Raw data |

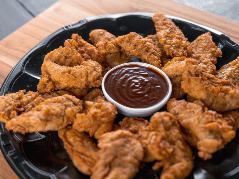 Serves 20 people – Crispy chicken tenders served with your favorite BBQ sauce for dippin’.
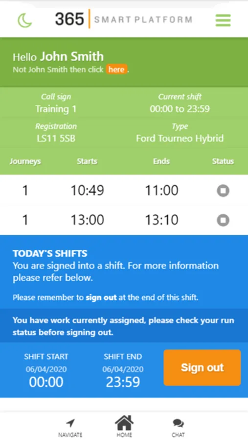 NEAT 365 is an innovative app designed for approved and registered users to manage and track their shifts and journeys. The app’s simple intuitive interface lets drivers sign in and out of shifts, view daily shift information, report on and manage their journeys, use call and chat functions and link directly with devices satellite navigation.
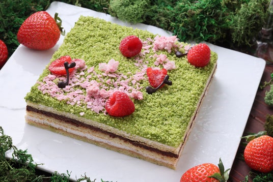 【いちごあめ】は美味しく見た目も楽しくインスタ映え!ヨモギ風味の生地に桜餡を混ぜ込んだバタークリームと塩味の効いたガナッシュで仕上げた【桜のオペラ】は、美しい桜と春の情景を和のイメージで表現しました。パイ生地のサクサク食感が楽しい【グラスミルフィーユ】は、生地の下に酸味の効いたラズベリーのコンフィチュールとほうじ茶のムースを忍ばせています。お好みでアイスを添えてお召し上がりください。
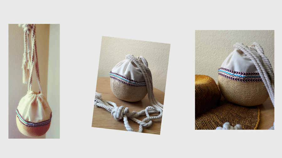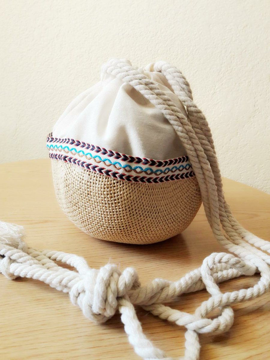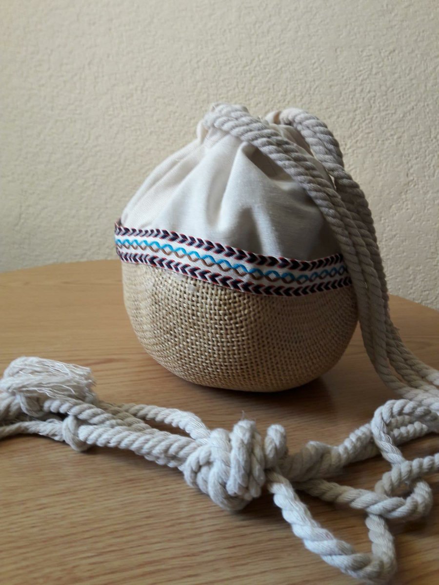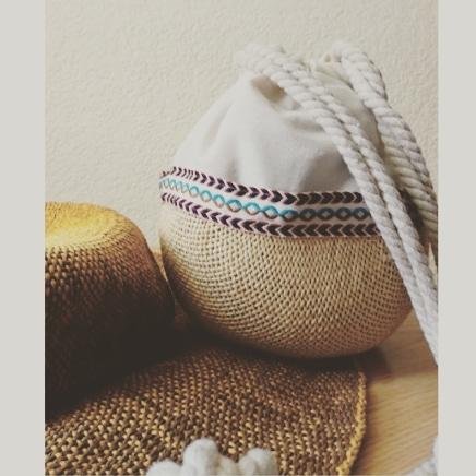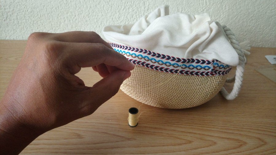 Luego para tapar la unión entre el sombrero y la tela, coseremos una cinta decorativa de nuestro agrado, pasaremos la aguja entre la tela y el sombrero para reforzar nuestro bolso.
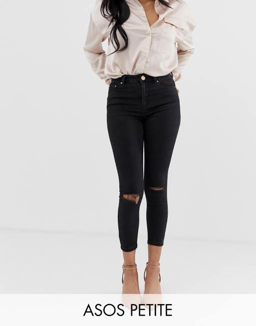 ASOS DESIGN Petite – Ridley – Svarta skinny jeans med hög midja och slitna knän
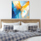 An abstract interpretation of a butterfly captured mid-transformation. Sweeping layers of blue, gold, and soft white dissolve form into movement, evoking renewal, freedom, and the fragile moment between stillness and flight.
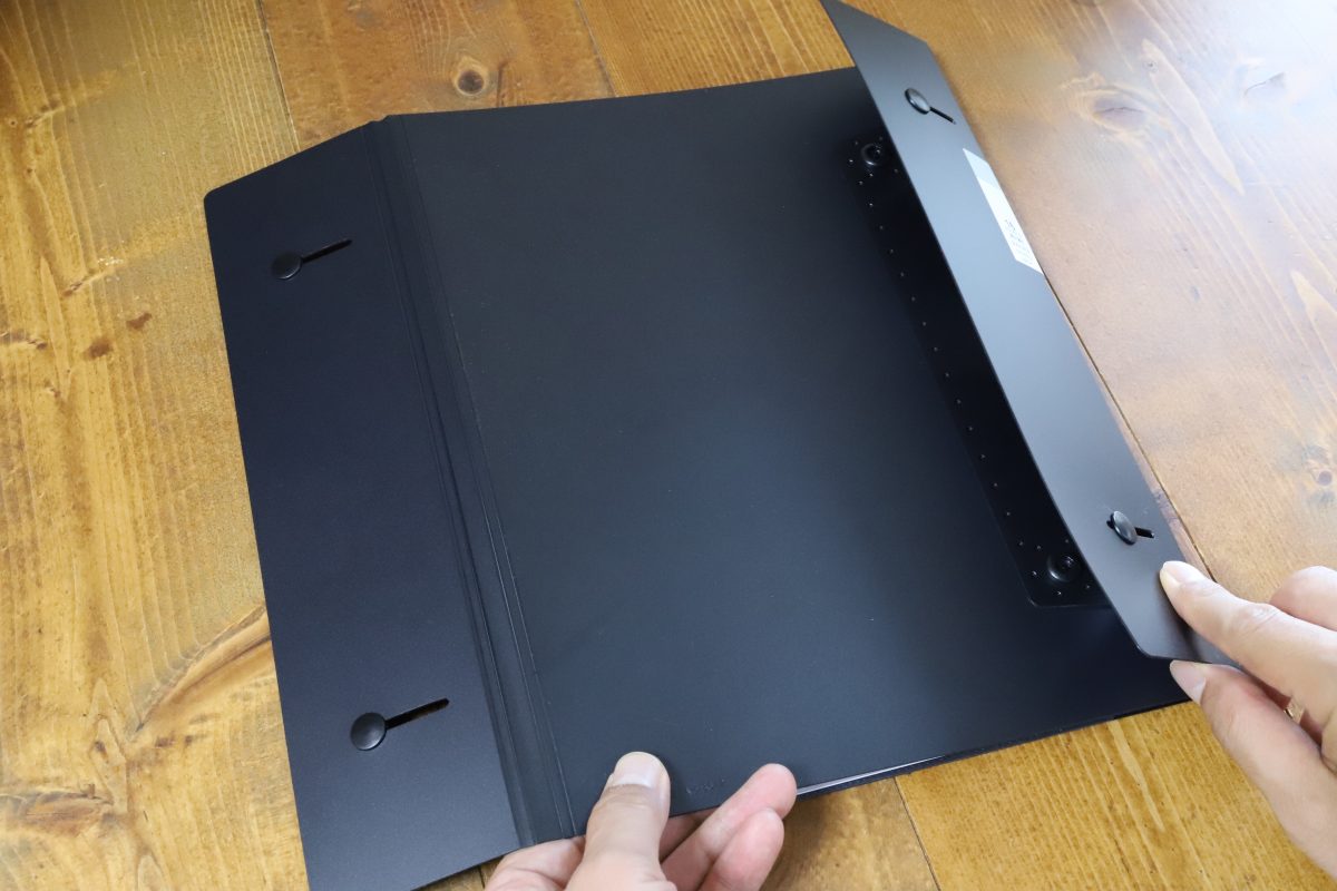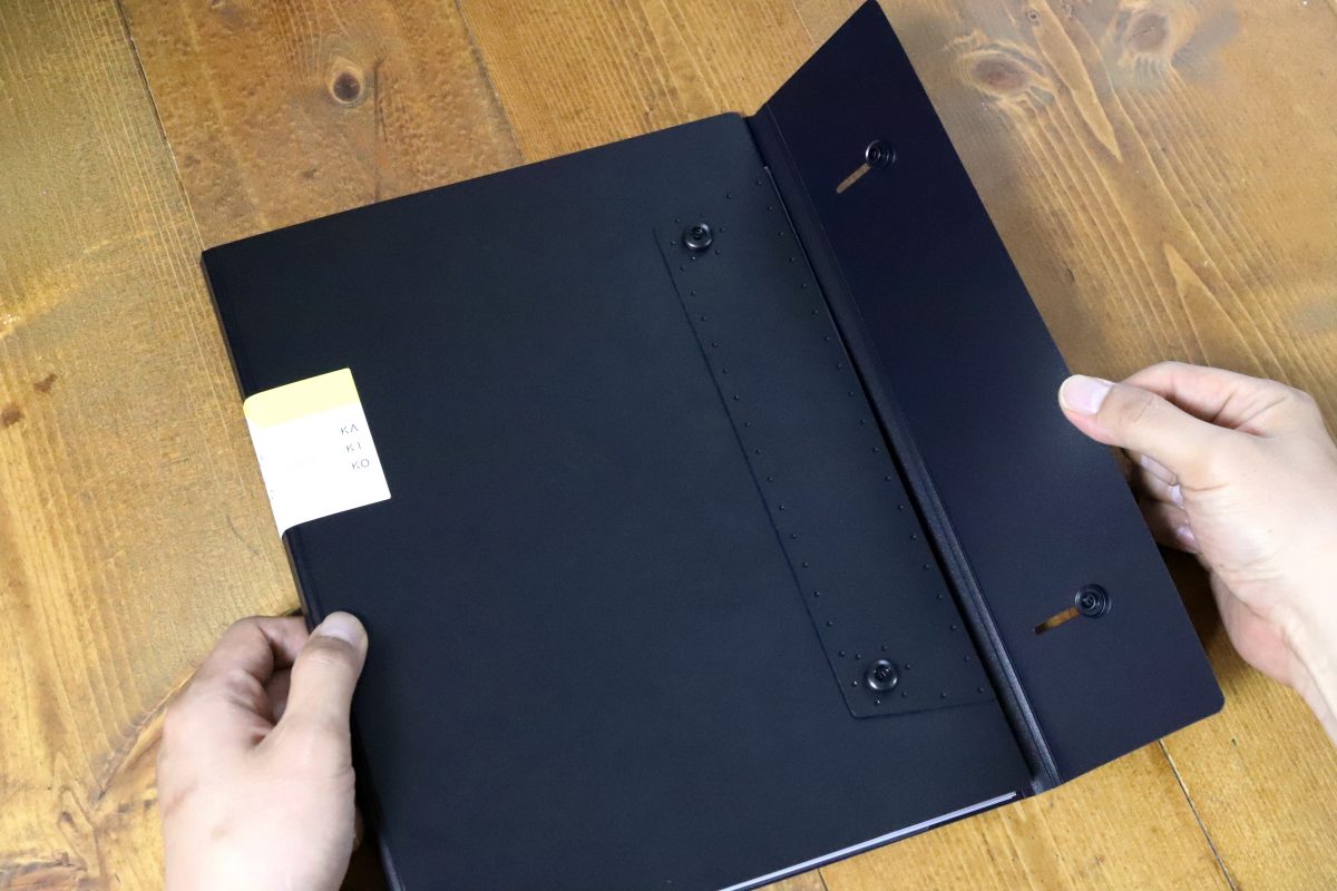 ジャバラポケットは裏面にもフラップがついているので、単純に表裏を逆にすれば倍のページが使用できる。裏ページ面に綴じた書類を閲覧するときは、裏表紙側のスナップボタンだけをはずして開くことで、表紙側と同じようにめくっていける。
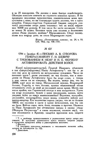 Письмо А.В. Суворова генерал-майору Г.И. Шевичу с требованием к нему и И.Е. Ферзену активизировать действия войск. 1794 г. [ноября 4] // ЦГВИА, ф. 43, оп. 1, д. 107, л. 11 и об. Копия.
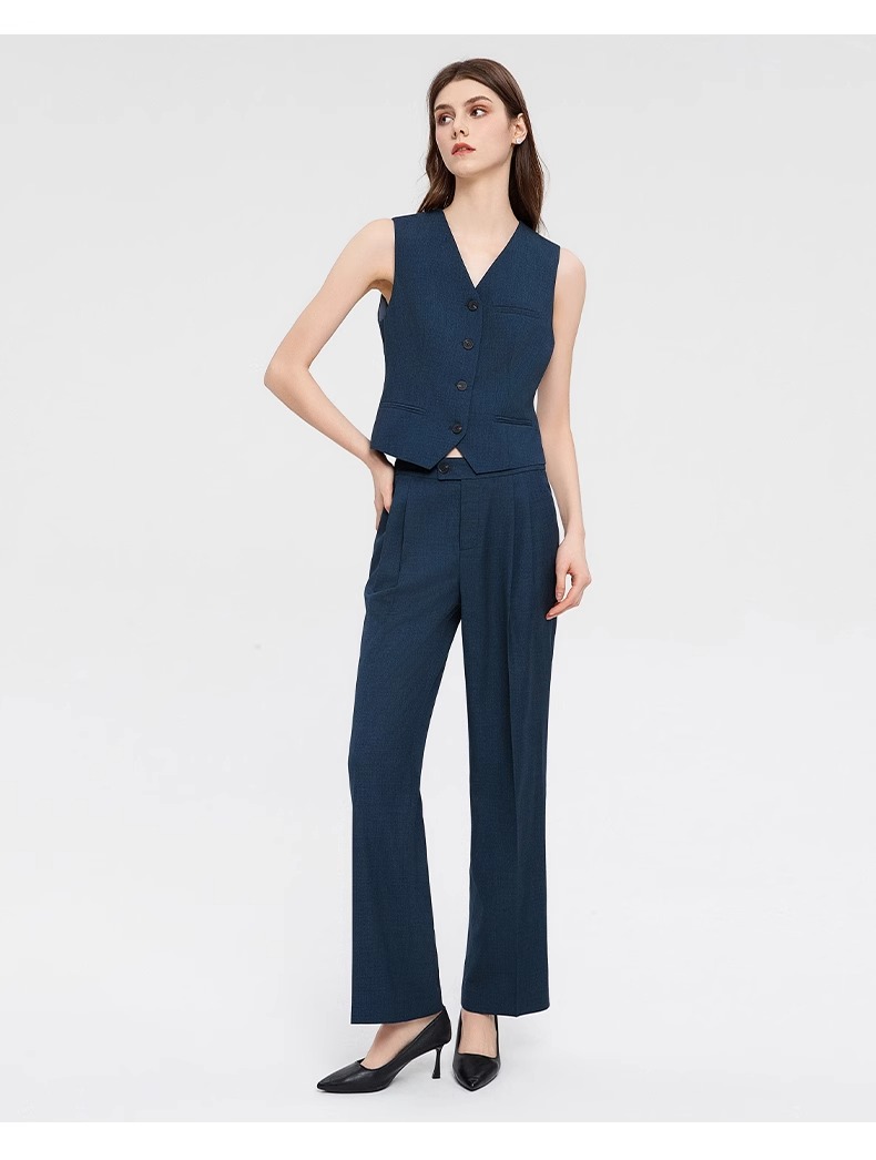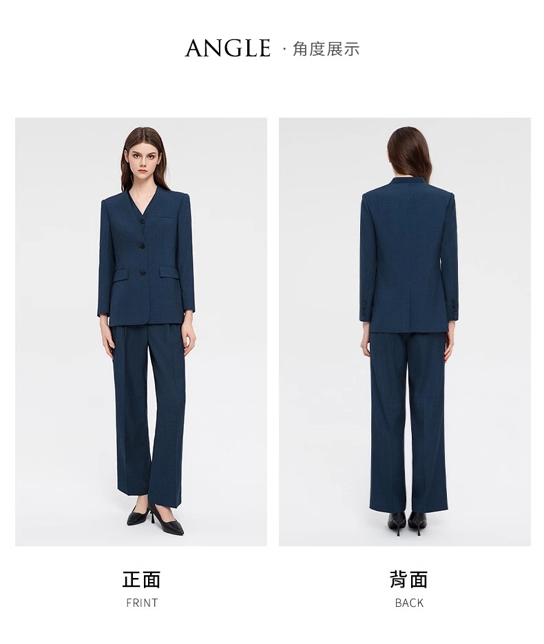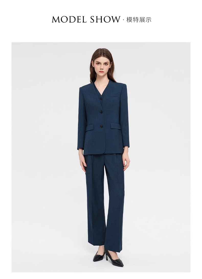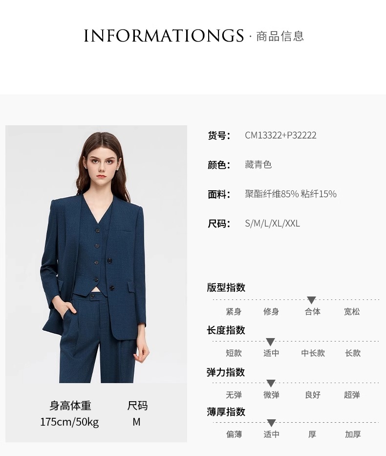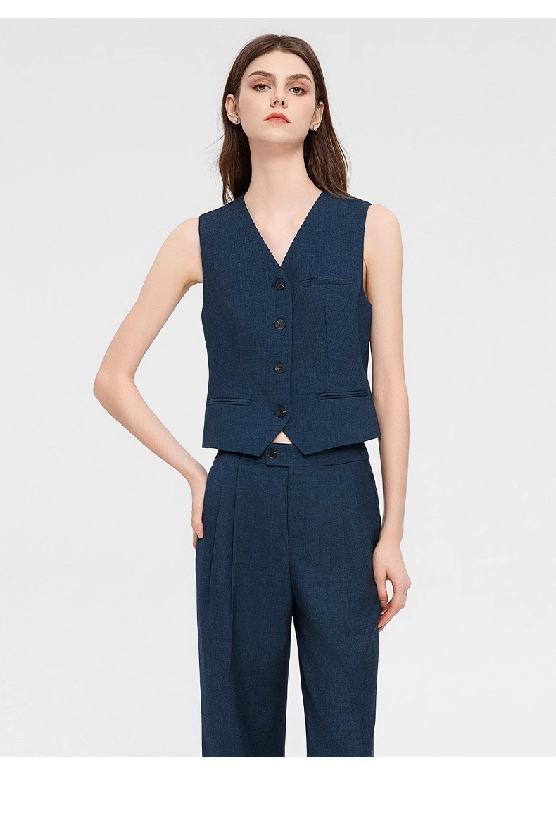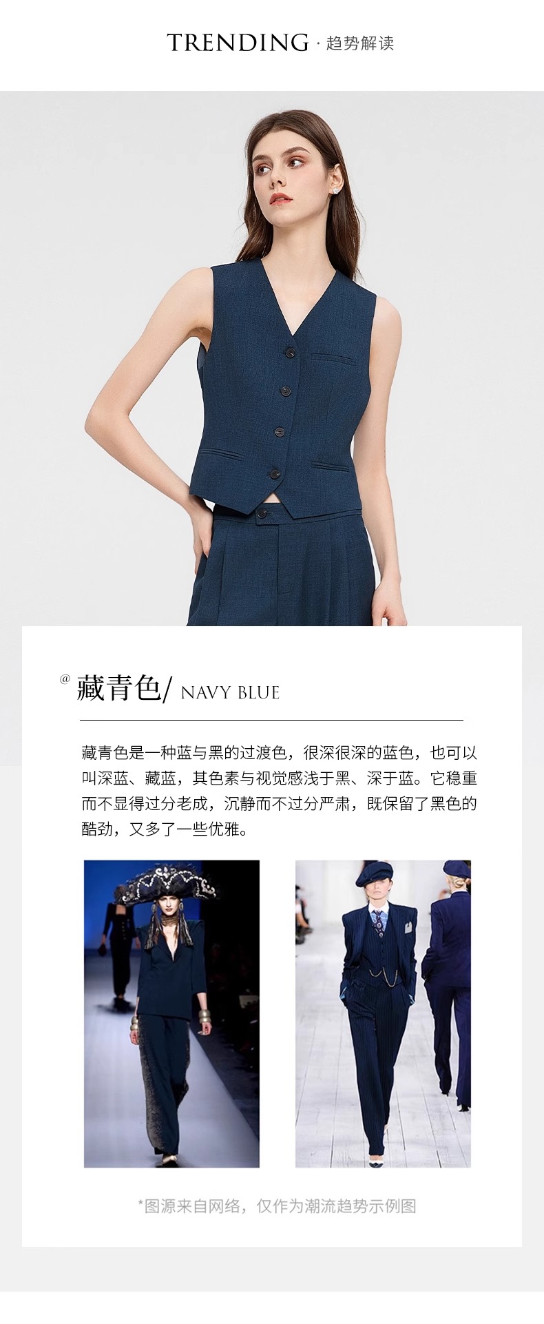 干练时尚藏青色西装马甲三件套韩版修身职业西装套裤
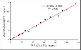 YM0355-YM0354配对抗体与罗氏试剂临床相关性比较在0-120ng/mL范围内,相关性R方为0.975。
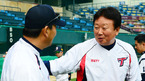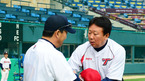 [OSEN=잠실, 민경훈 기자] 29일 오후 서울 잠실구장에서 두산 베어스와 KIA 타이거즈의 경기가 열릴 예정인 가운데 양 팀 훈련시간에 두산 김진욱 감독과 KIA 선동열 감독이 악수를 나눈 후 즐겁게 얘기를 나누고 있다. KIA 선발로 나
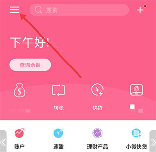 1、安装并打开陕西信合app,点击页面左上角菜单或登录入口;

Your assignment |
Please transcribe every entry above exactly, leaving out any pictures.

Result |
 Serves 20 people – Crispy chicken tenders served with your favorite BBQ sauce for dippin’.
 NEAT 365 is an innovative app designed for approved and registered users to manage and track their shifts and journeys. The app’s simple intuitive interface lets drivers sign in and out of shifts, view daily shift information, report on and manage their journeys, use call and chat functions and link directly with devices satellite navigation.
 【いちごあめ】は美味しく見た目も楽しくインスタ映え!ヨモギ風味の生地に桜餡を混ぜ込んだバタークリームと塩味の効いたガナッシュで仕上げた【桜のオペラ】は、美しい桜と春の情景を和のイメージで表現しました。パイ生地のサクサク食感が楽しい【グラスミルフィーユ】は、生地の下に酸味の効いたラズベリーのコンフィチュールとほうじ茶のムースを忍ばせています。お好みでアイスを添えてお召し上がりください。
 Luego para tapar la unión entre el sombrero y la tela, coseremos una cinta decorativa de nuestro agrado, pasaremos la aguja entre la tela y el sombrero para reforzar nuestro bolso.
 ASOS DESIGN Petite – Ridley – Svarta skinny jeans med hög midja och slitna knän
 An abstract interpretation of a butterfly captured mid-transformation. Sweeping layers of blue, gold, and soft white dissolve form into movement, evoking renewal, freedom, and the fragile moment between stillness and flight.
 ジャバラポケットは裏面にもフラップがついているので、単純に表裏を逆にすれば倍のページが使用できる。裏ページ面に綴じた書類を閲覧するときは、裏表紙側のスナップボタンだけをはずして開くことで、表紙側と同じようにめくっていける。
 Письмо А.В. Суворова генерал-майору Г.И. Шевичу с требованием к нему и И.Е. Ферзену активизировать действия войск. 1794 г. [ноября 4] // ЦГВИА, ф. 43, оп. 1, д. 107, л. 11 и об. Копия.
 干练时尚藏青色西装马甲三件套韩版修身职业西装套裤
 YM0355-YM0354配对抗体与罗氏试剂临床相关性比较在0-120ng/mL范围内,相关性R方为0.975。
 [OSEN=잠실, 민경훈 기자] 29일 오후 서울 잠실구장에서 두산 베어스와 KIA 타이거즈의 경기가 열릴 예정인 가운데 양 팀 훈련시간에 두산 김진욱 감독과 KIA 선동열 감독이 악수를 나눈 후 즐겁게 얘기를 나누고 있다. KIA 선발로 나
 1、安装并打开陕西信合app,点击页面左上角菜单或登录入口;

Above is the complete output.